By inactivity, I mean doing nothing that occupies the mind: time spent in reflection. Bertrand Russell wrote a marvellous essay on this subject, titled “In Praise of Idleness,” noting that when the rest of the world thinks we are idle, the brain, if properly trained, is following its own path.

Only then, he contends, are we truly thinking. The rest of the time we are analysing and reacting, our thoughts determined by responses to others. Unless we spend time in reflection — in idleness — we can never truly think thoughts of our own. Whether in the storms of political argument or the hyperkinetic workplace, we are called upon constantly to respond rather than reflect.

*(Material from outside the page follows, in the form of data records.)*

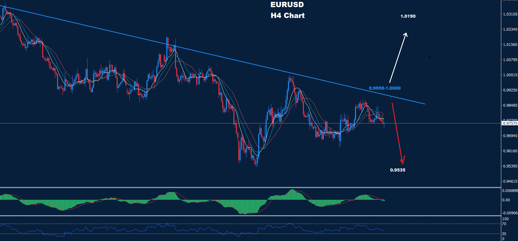 تمكن اليورو من الحفاظ على التداولات حتى الآن تحت ترند الموجه الهابطة قصير المدى حيث توجد المقاومة الآن حول منطقة 0.9900.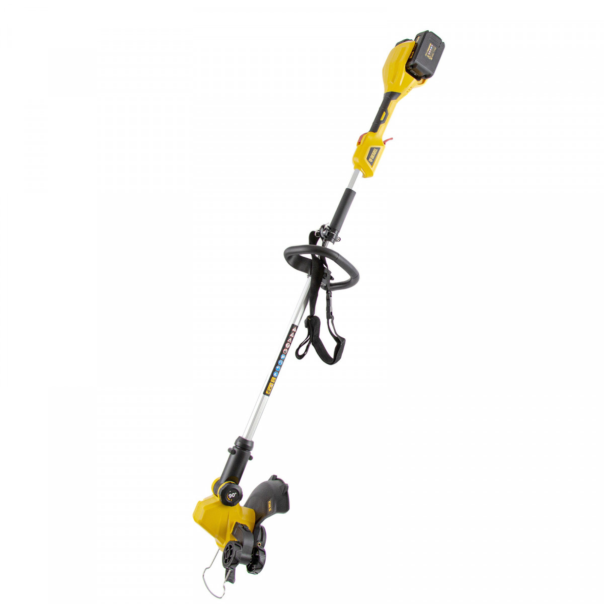 - Удобная настройка под рост пользователя — угол наклона триммера относительно штанги можно настроить, поэтому использовать его будет удобно любому человеку.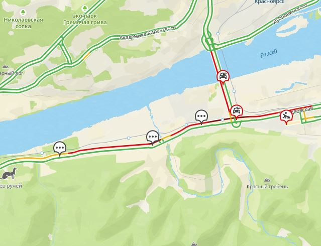 Длина затора составляет примерно 7 километров. Он растянулся от Водомётного переулка до парка "Роев ручей". Также стоит Николаевский мост в сторону правого берега. Судя по карте 2gis, ситуацию усугубляют 2 ДТП.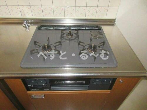 | キッチン | ガスコンロ可、システムキッチン、カウンターキッチン、3口以上コンロ |

The education of the young, increasingly built around the rapid-fire model of the standardised test, only enhances the model of thought in which speed is everything and reflection is for those left behind.

Today’s public debates are dominated by the short and the snappy, and influential pundits often seem to take pride in the assumption that nobody who disagrees with them can possibly have anything useful to say.

As Cass Sunstein points out in his splendid book Republic.com, a crucial aspect of free speech is that it forces us occasionally to encounter a voice we do not expect to hear making a point we have not considered.

We are spiralling rapidly away from that healthy democratic vision. The explosion of text messaging is certainly not a cause of the unhealthy political world we adults are bequeathing to our children. But it points to how far we are from a cure.

Carter is a Bloomberg View columnist and a professor of law at Yale University. He is the author of “The Violence of Peace: America’s Wars in the Age of Obama,” and his next novel, “The Impeachment of Abraham Lincoln,” will be published in July.